(SOURCE RECORDS Opens)

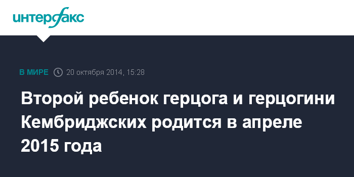 Москва. 20 октября. INTERFAX.RU - Второй ребенок герцога и герцогини Кембриджских Уильяма и Кейт появится на свет в апреле 2015 года, говорится в заявлении Кенсингтонского дворца, распространенном в понедельник.
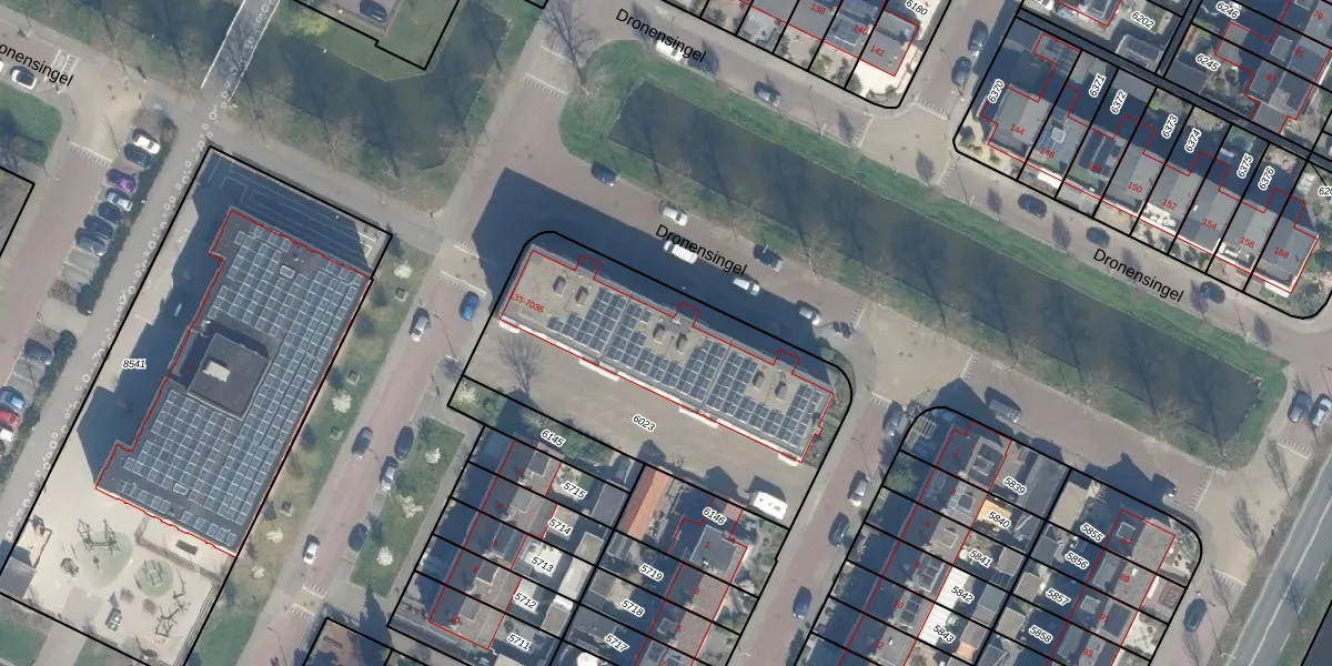 Het perceel waarop Dronensingel 7030 staat heeft een oppervlakte van 1371 m². Dit is een zeer groot perceel. De perceeloppervlakte wordt geregistreerd door het Kadaster. Gedetailleerde informatie over de maten van dit perceel kunt u vinden in het rapport Kadastrale kaart met maatvoering van Dronensingel 7030.
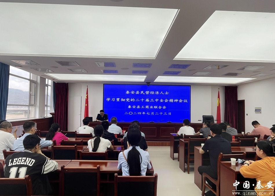 7月23日,秦安县工商联召开民营经济人士学习贯彻党的二十届三中全会精神会议,传达学习《中国共产党第二十届中央委员会第三次全体会议公报》 和《中共中央关于进一步全面深化改革、推进中国式现代化的决定》精神,引导民营经济人士准确把握全会精神,明确新时代民营经济的发展方向,推动民营经济高质量发展。
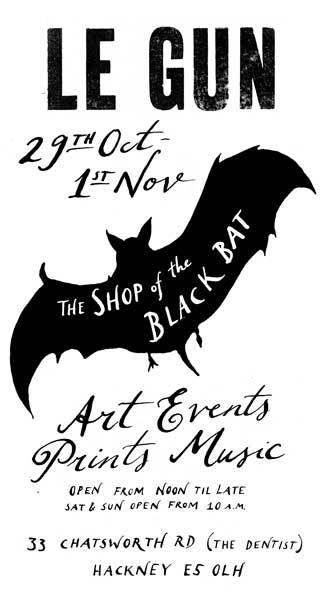 le_gun_dentistMeanwhile, for what it might be worth, we see LE GUN‘s Shop Of The Black Bat opens today from 12 noon up at the Dentist, 33 Chatsworth Road, london, E5, top end of Hackney, and will slip into opening party mode around six with Nervous Stephen spinning spooky vinyl and a licensed bar and bonfire in the garden. It’ll run for 4 days before dematerialising on Sunday night…  We like the Dentist, fine organic wreck of a venue, been some interest music in there this year, always enjoy going there, although talking to to some people, or trying to can be a little like clapping with one hand (do like an Anthrax quote with the morning coffee). So anyway, the Denist, Le Gun, kicking cans, leaves, eat, shoots, been trying to do something with the Dentist all year but hey, the wind hasn’t been in the right direction, do like that space, I hate seeing spaces locked up when they could be alive with revitalised this and that  .  So anyway this weekend black bats, sometimes  found sound, what do we know.  Maybe if we grew beards and tried fitting in a little more? Le Gun then, mind the spiders, you’re in a rut, you’ve got to get out of it…
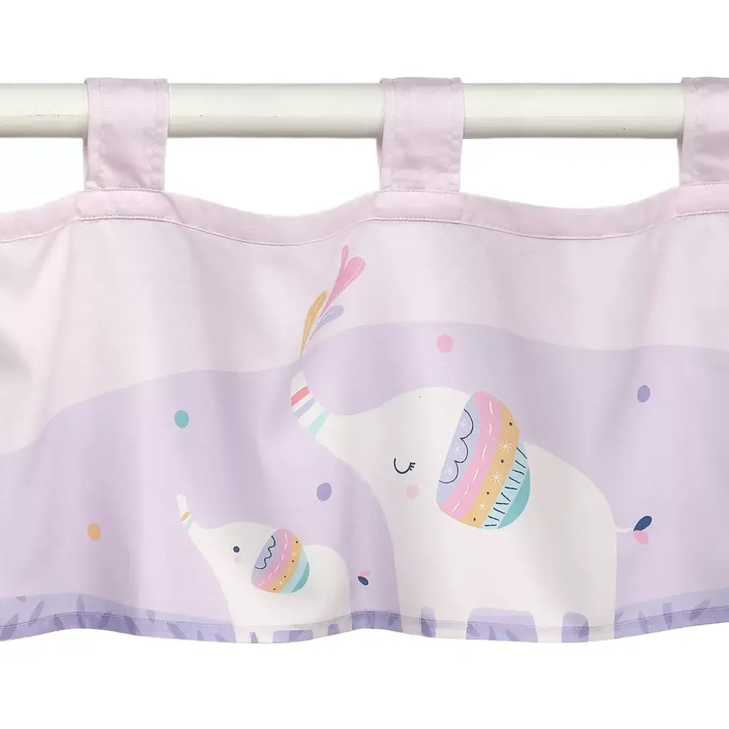 This pretty pastel window valance features a mommy and baby elephant with colorful ears along with palm trees, leaves, and a light pink sky. The valance is 54” long with a total height of approximately 13.5 inches. It adds the finishing touch to your child’s room. Made in a soft microfiber material it is durable and machine washable for easy care.
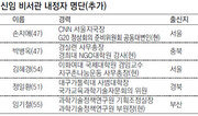 이명박 대통령은 23일 신설된 대통령서민정책비서관에 박병옥 경희대 NGO(비정부기구)대학원 강사, 해외홍보비서관에 손지애 주요 20개국(G20)정상회의 준비위원회 공동대변인을 내정하는 등 남은 비서관 인선을 마무리했다. 다만 손 내정자는 11월 G20 정상회의가 끝나기 전까지는 파견 형식으로 G20 업무에만 주력할 예정이다. 이로써 대통령비서관 46명 가운데 20명이 교체됐고 25명이 유임됐으며 총무비서관은 공석으로 남게 됐다. 기획관급 중에선 인사기획관 정책기획관이 공석이다. 김희정 청와대 대변인은 “이동우 전 메시지기획비서관이 정책기획관 직무를 대리할 것”이라고 말했다.정용관 기자 yongari@donga.com}
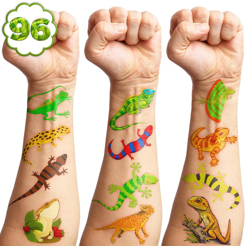 🦎【IDEAL TATTOOS FOR THEMED LIZARD DECOR】: This set of temporary SWAN-themed tattoo stickers comprises 8 sheets in total, featuring a total of 96PCS adorable, distinct designs. They are excellent for distributing as party favors and small gifts with a LIZARD theme for holidays. Each sheet measures 6.1 * 3.1 inches, making them suitable for kids of all sizes. 🎁🦎【FANTASTIC GIFT OPTIONS FOR LIZARD PARTY SUPPLIES AND DECORATIONS】: When you adorn your child's birthday party with a LIZARD theme, you'll be showered with compliments. Don't miss out on giving your kids LIZARD tattoos, as they make for a wonderful small gift. 🌍【SAFE AND ECO-FRIENDLY】: Our temporary tattoos are crafted from materials that prioritize safety and environmental consciousness. These tattoos are made using paper that is both safe for users and gentle on the planet. 🥳【INJECT SOME FUN】: Fed up with ordinary gifts? We've got just the thing! Our assortment of charming and lively temporary tattoo designs can be affixed to laptops, backpacks, desks, suitcases, books, water bottles, and beyond. These whimsical touches are bound to enhance your visual surroundings and infuse a bit of happiness into your daily essentials. 🌴【SIMPLE APPLICATION AND REMOVAL】: Simply cut out each tattoo from the sheets and peel off the clear film. You can apply it to your hands, face, arms, or any area you feel comfortable. Additionally, you can place it on glasses, clothing, or a smooth flat surface. Afterward, thoroughly wet it with water and wait for 20-30 seconds before removing the backing paper. Voilà, you now have a smooth, velvety tattoo! 👍【EXCELLENT CUSTOMER SERVICE】: Should you encounter any challenges while using our product, don't hesitate to reach out to us. We are committed to resolving any issues and ensuring you have an exceptional shopping experience
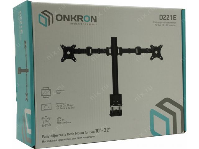 ONKRON D221E Настольный кронштейн для 2-х мониторов (VESA75/100, 10-32 , 2x10кг)
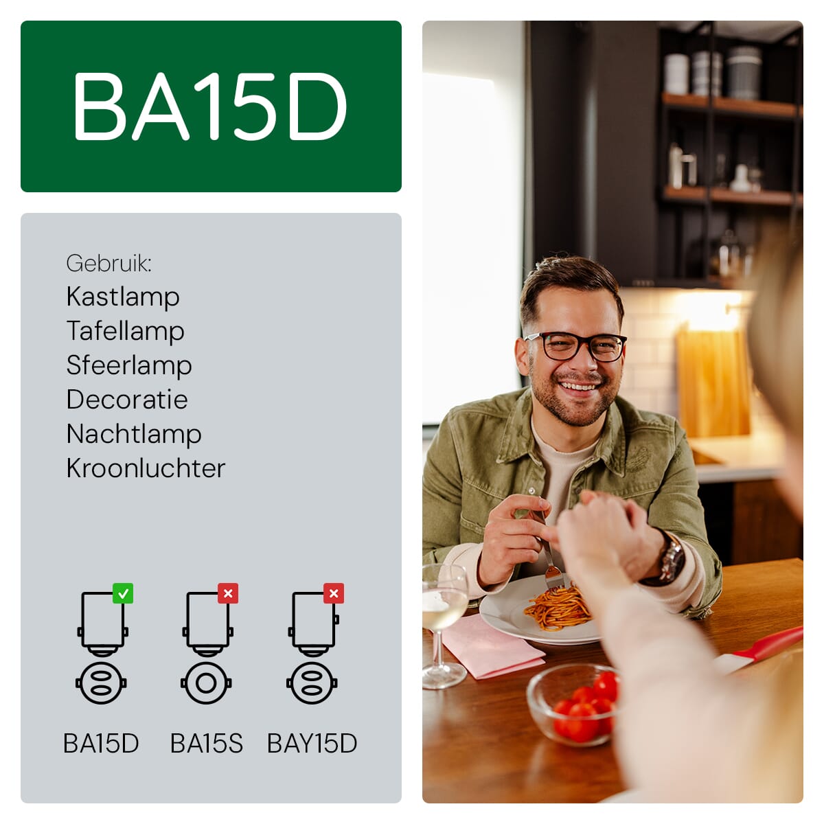 Dankzij het compacte ontwerp van de Ba15d fitting, is deze lamp perfect voor gebruik in kleine armaturen en moeilijk bereikbare plekken. Of het nu gaat om een leeslamp of een decoratieve toepassing, deze lamp past overal.
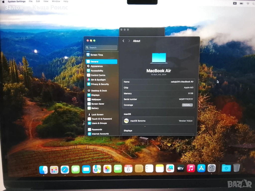 MacBook Air M3, 256 GB. Лаптопът е в отлично състояние, без никакви забележки. Работи бързо и без проблеми.
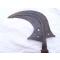 trés beau poignard en acier forgé en forme de croissant , poignée en bois en partie filligrammée et pommeau rond
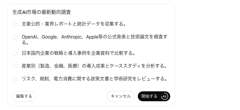 Deep Researchでは、リサーチ開始前に提示される 「Research Plan(リサーチプラン)」の確認・編集機能 が主流となっていますが、ステップ1でChatGPTが提示した「逆質問」に回答し、内容をさらにアップデートさせます。
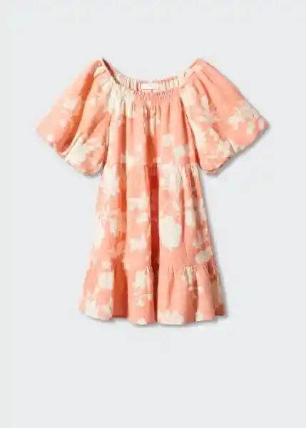 100% Algodón Cuello Redondo Detalles Fruncidos Diseño Corto Estampado Floral Manga Ancha Manga Corta Volantes en el Bajo - 57040369_87.
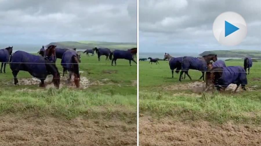 De här hästarna har en hage som är enorm. Ändå väljer de att köa till hagens enda lerpöl. Att skvätta och gräva i geggamojan syns vara det bästa av allt.
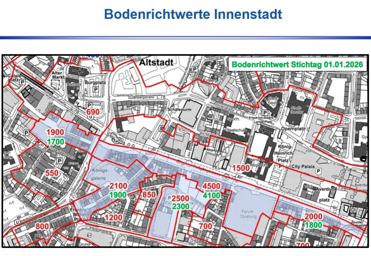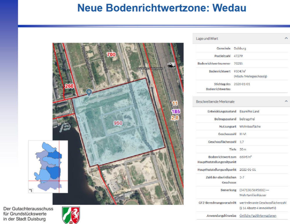 Grundstückswerte in der Stadt Duisburg hat in seiner
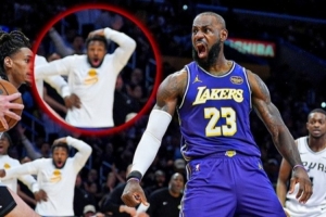 湖人球迷:大布朗尼·詹姆斯的暴扣表演。
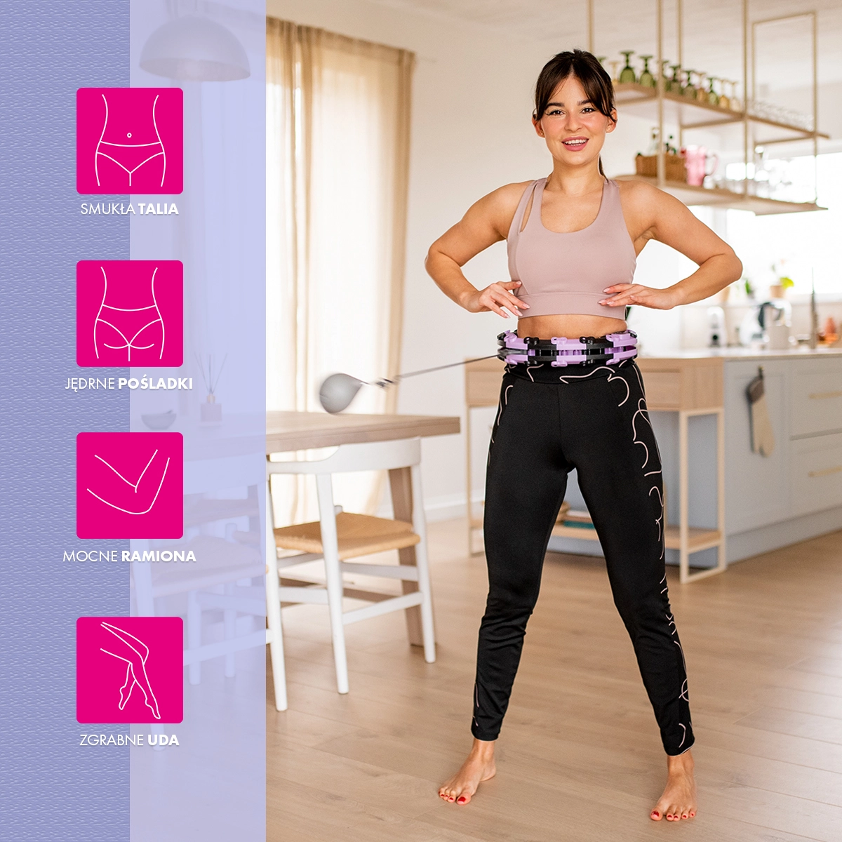 Construcția modulară din 18 segmente permite ajustarea rapidă a cercului la talia dvs. (63–88 cm). Se asamblează ușor și rămâne stabil în timpul antrenamentului.
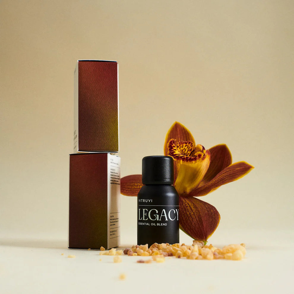 Legacy is grounding and balanced. With top notes of Rose and Bergamot and bottom notes of Frankincense and Cedarwood, it smells like the warmest welcome. Return to your surroundings and return to yourself.
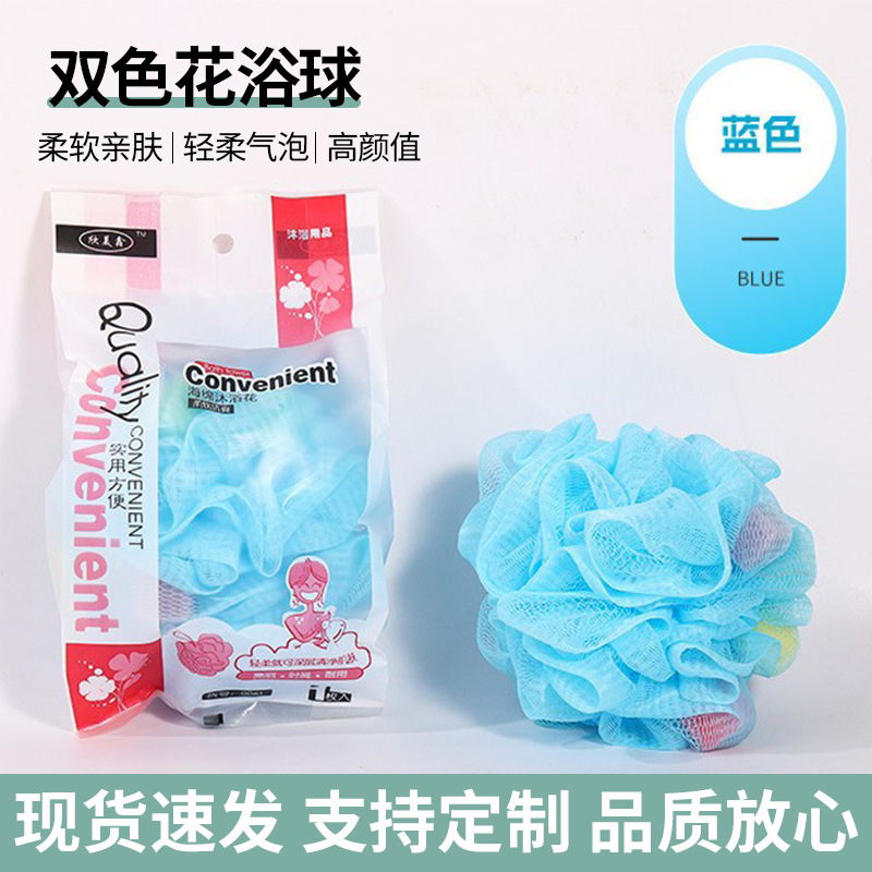 卸売りの大きいサイズのバスボールの浴室の柔らかいお風呂の神器の用品のバスの花の泡立てネットは2色のバスボールをつなぎ合わせます。

(SOURCE RECORDS Closes)

Only one stretch of the material above is wanted: the line containing "trés beau poignard" through the line containing "Construcția modulară din". Restate it word for word, minus the pictures.

 trés beau poignard en acier forgé en forme de croissant , poignée en bois en partie filligrammée et pommeau rond
 Deep Researchでは、リサーチ開始前に提示される 「Research Plan(リサーチプラン)」の確認・編集機能 が主流となっていますが、ステップ1でChatGPTが提示した「逆質問」に回答し、内容をさらにアップデートさせます。
 100% Algodón Cuello Redondo Detalles Fruncidos Diseño Corto Estampado Floral Manga Ancha Manga Corta Volantes en el Bajo - 57040369_87.
 De här hästarna har en hage som är enorm. Ändå väljer de att köa till hagens enda lerpöl. Att skvätta och gräva i geggamojan syns vara det bästa av allt.
 Grundstückswerte in der Stadt Duisburg hat in seiner
 湖人球迷:大布朗尼·詹姆斯的暴扣表演。
 Construcția modulară din 18 segmente permite ajustarea rapidă a cercului la talia dvs. (63–88 cm). Se asamblează ușor și rămâne stabil în timpul antrenamentului.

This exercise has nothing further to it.